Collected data
......

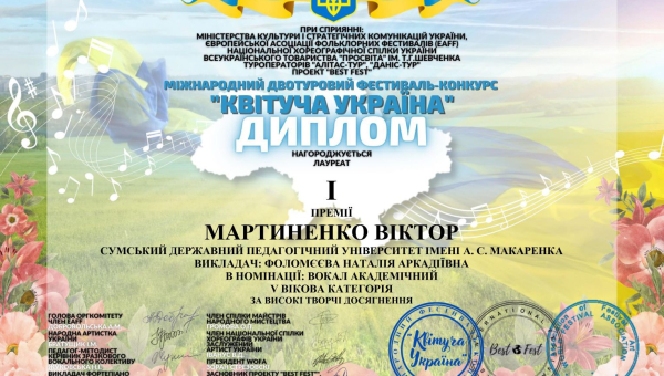 Здобувач вищої освіти ННІ культури і мистецтв знову переміг на міжнародному конкурсі
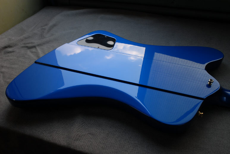 ちょっと上手く撮れていなくてすいません…。 塗装時はブースの天井からS字フックで吊っているのですが、ベース自体が長いのでここを撮る時にはファインダーが覗けませんので…。 まあ塗り分けはこんな感じで良い具合に出来ていると思います。 元々の木目模様は格好よかったのでちょっと勿体無いと思っていましたが、確かに黒とブルメタの2トーンが格好良いんですよね…(憧)。
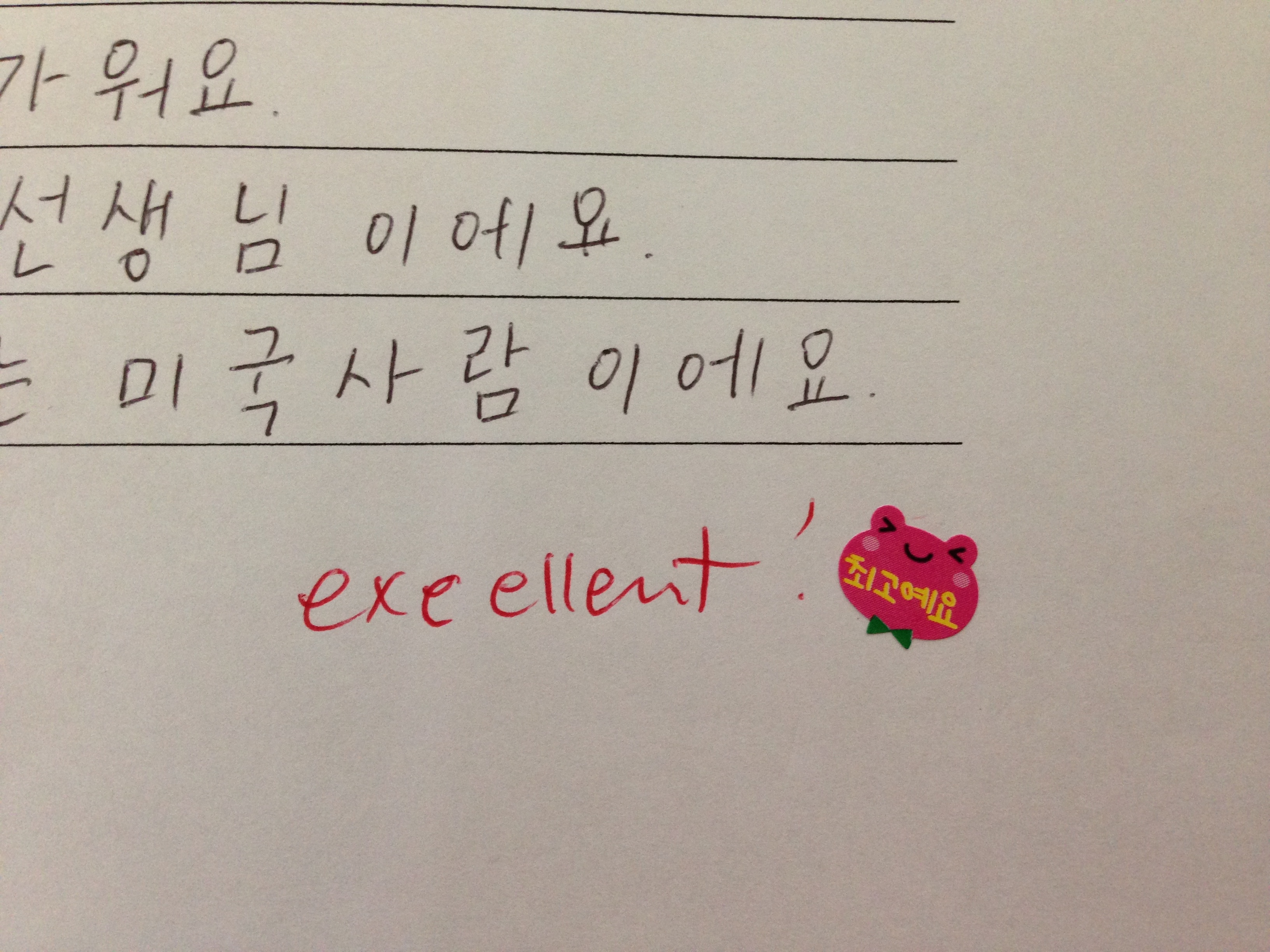 高興嘅除咗自己真係學多咗嘢之外,睇韓劇好似識得聽得多咗少少(例如睇「沒關係,是愛情啊」入面講女主角叫姐夫唔好成日飲酒,姐夫話「一支啤酒啫」,以前就唔識聽,而家佢講「맥주한병」我就識聽了﹗yeah~),老師嘅認同都好重要呢,好似讀中學時嘅「好名」咁~收番功課返嚟見到張貼紙就笑咪咪了,那管我已經係30歲嘅大人﹗:DIMG_5172
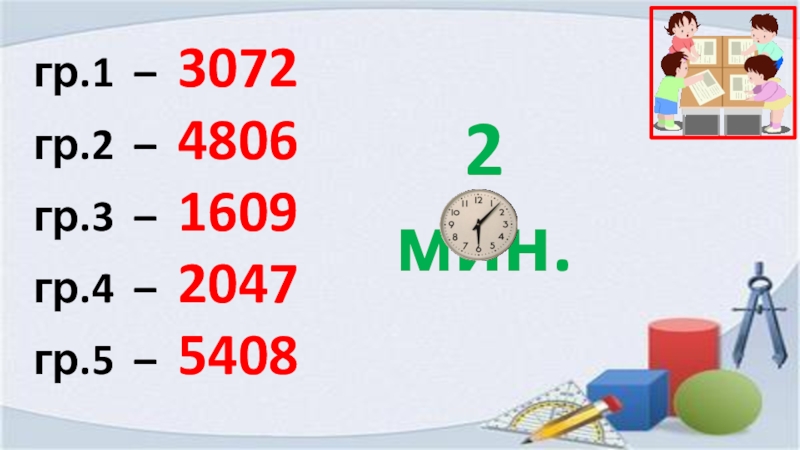 гр.1 – 3072гр.2 – 4806 гр.3 – 1609 гр.4 – 2047 гр.5 – 5408 2 мин.
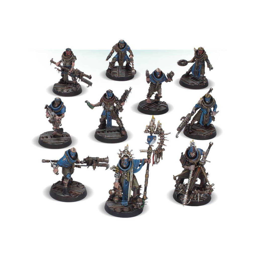- 10 corps de 5 modèles différents, soit 2 de chaque, équipés de matériel de récupération jugé digne de l'Empereur, et ornés de quantité de chandelles et de liens rituels tels que des nœuds coulants. Ces corps ont été conçus pour s'adapter préférentiellement à certaines options d'armes, mais vous êtes bien entendu libre de les monter à votre guise;- 12 têtes de 6 modèles différents, soit 2 de chaque, elles aussi avec du matériel recyclé;- Des armes à foison! 2 charges incendiaires, 2 fléaux, 4 couteaux à dépecer, 2 lames barbelées, 4 pistolets-mitrailleurs, 4 flingues, 4 fusils d'assaut, 2 icônes du culte, 2 armes d'hast (avec fusil d'assaut fixé au bout), 2 arbalètes lourdes, 2 lance-flammes légers et 2 autres armes d'hast (celles-ci avec tromblon attaché au bout).
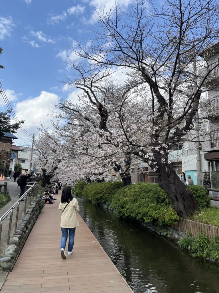 水路の両側に桜が続き、まるでやさしく包み込まれるような景色。満開の時期は、桜のトンネルの中を歩いているような気分になります。水面に映る桜も美しく、つい足を止めてしまう場所がたくさんありました。

......

-- About this exercise --
Copy the lines exactly as they appear from the opening of the entries above through the line with "гр.1 – 3072гр.2", excluding all pictures.

-- Solution for this exercise --
 Здобувач вищої освіти ННІ культури і мистецтв знову переміг на міжнародному конкурсі
 ちょっと上手く撮れていなくてすいません…。 塗装時はブースの天井からS字フックで吊っているのですが、ベース自体が長いのでここを撮る時にはファインダーが覗けませんので…。 まあ塗り分けはこんな感じで良い具合に出来ていると思います。 元々の木目模様は格好よかったのでちょっと勿体無いと思っていましたが、確かに黒とブルメタの2トーンが格好良いんですよね…(憧)。
 高興嘅除咗自己真係學多咗嘢之外,睇韓劇好似識得聽得多咗少少(例如睇「沒關係,是愛情啊」入面講女主角叫姐夫唔好成日飲酒,姐夫話「一支啤酒啫」,以前就唔識聽,而家佢講「맥주한병」我就識聽了﹗yeah~),老師嘅認同都好重要呢,好似讀中學時嘅「好名」咁~收番功課返嚟見到張貼紙就笑咪咪了,那管我已經係30歲嘅大人﹗:DIMG_5172
 гр.1 – 3072гр.2 – 4806 гр.3 – 1609 гр.4 – 2047 гр.5 – 5408 2 мин.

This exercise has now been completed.